O procurador-Geral da República, Paulo Gonet, se manifestou em defesa da manutenção das restrições impostas ao ex-presidente Jair Bolsonaro durante seu cumprimento de pena em prisão domiciliar. A manifestação ocorreu em resposta aos recursos apresentados pela defesa de Bolsonaro e inclui a suspensão das visitas do senador Flávio Bolsonaro, além de limitações para encontros com objetivos político-eleitorais.
A análise foi solicitada pelo ministro do Supremo Tribunal Federal (STF), Alexandre de Moraes, após a defesa do ex-presidente contestar as restrições. Em julho, Moraes já havia determinado a suspensão das visitas de Flávio por 90 dias, após o senador compartilhar uma carta escrita por Jair Bolsonaro durante uma visita.
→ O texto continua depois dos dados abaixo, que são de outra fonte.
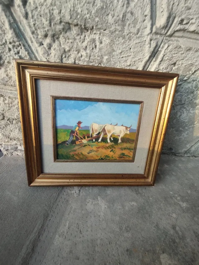 Quadro con contadini e buoi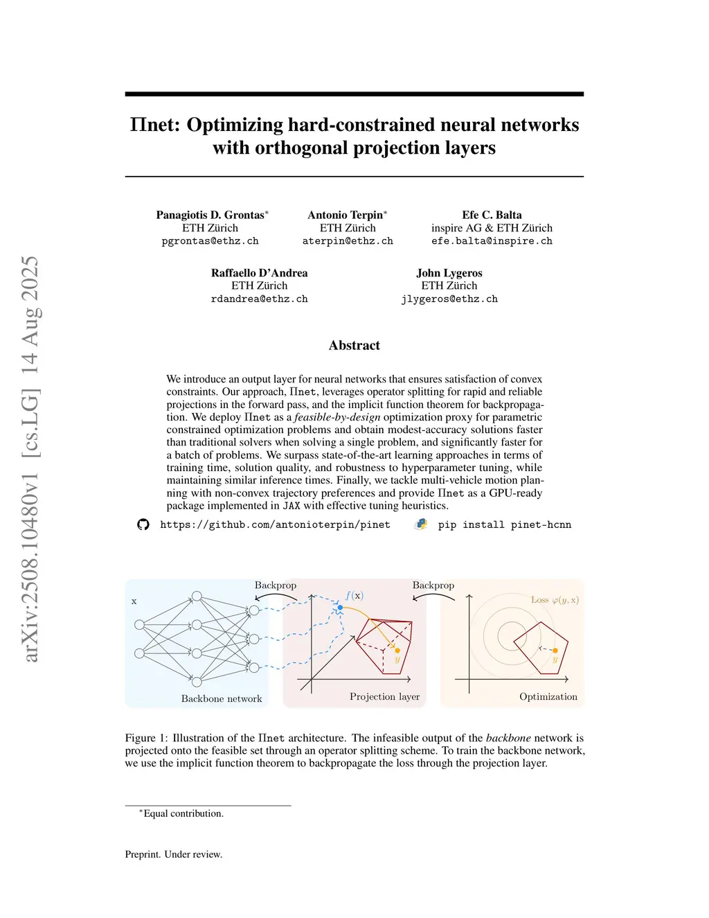 Pinet: Optimizing hard-constrained neural networks with orthogonal projection layers

Nela, Bolsonaro expressou apoio à pré-candidatura de Flávio à Presidência da República, o que foi interpretado por Moraes como uma violação das restrições impostas ao ex-presidente, que não pode utilizar redes sociais.
A defesa de Jair Bolsonaro argumentou que a restrição prejudica a convivência familiar e a relação profissional entre pai e filho, alegando que Flávio, como advogado, deveria ter permissão para visitá-lo. Contudo, Gonet rejeitou essa argumentação, enfatizando que o contato deve seguir as determinações judiciais e pode ser restringido em resposta a descumprimentos.
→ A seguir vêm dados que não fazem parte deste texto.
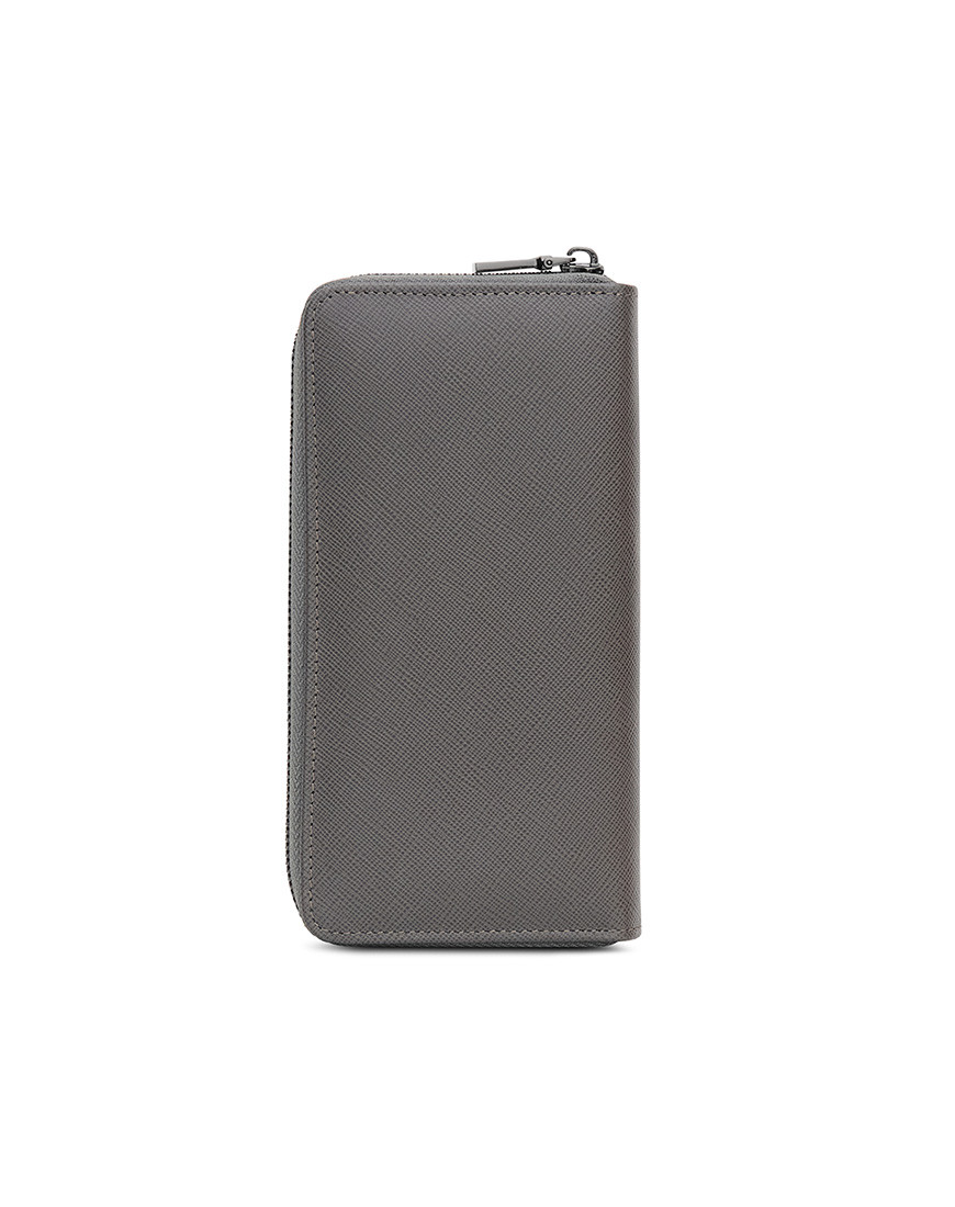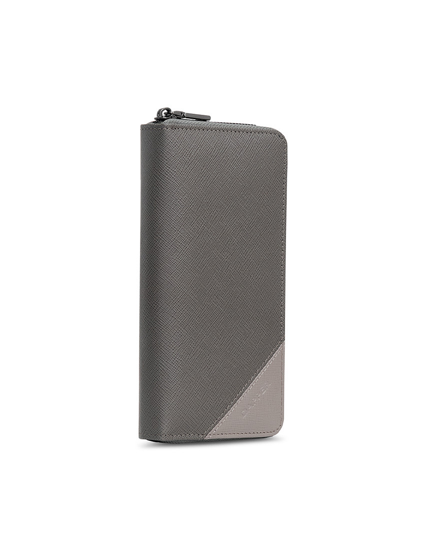 Accordion Long Wallet in black Cross Grain leather. Zip-around closure with two full length bill compartment twelve credit card and coin pocket with zipper Body made from genuine leather in grey & taupe Diagonal corner with Dapper logo

O procurador-geral reforçou que a condição de advogado de Flávio não o isenta das regras estabelecidas para o cumprimento da pena. Ele destacou que outros advogados estão assistindo Bolsonaro, o que elimina a necessidade de flexibilizar a restrição para o senador.
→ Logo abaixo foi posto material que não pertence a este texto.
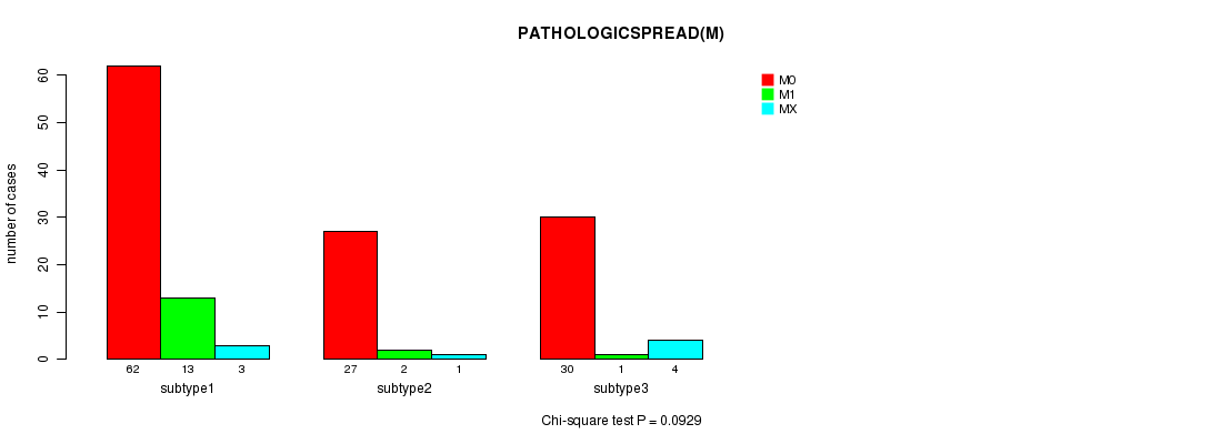 Figure S62. Get High-res Image Clustering Approach #6: 'MIRSEQ CHIERARCHICAL' versus Clinical Feature #7: 'PATHOLOGICSPREAD(M)'

Além disso, a defesa questionou a proibição de visitas com finalidade político-eleitoral, válida até o fim das eleições de 2026, e a proibição da produção e divulgação de manifestações políticas por meio de terceiros. Os advogados alegaram que a suspensão dos direitos políticos decorrente da condenação não deve eliminar a liberdade de expressão de Bolsonaro, e que a expressão "visitas com finalidade político-eleitoral" é ampla e imprecisa.
A PGR, por sua vez, defendeu a manutenção dessa medida, argumentando que ela é compatível com a condição de condenado e com as regras que regem o regime de cumprimento da pena. Gonet reiterou que a restrição de visitas com fins político-eleitorais e a proibição de divulgação de atos dessa natureza são fundamentadas na condição de condenado e nas normas que disciplinam o atual regime de execução da pena.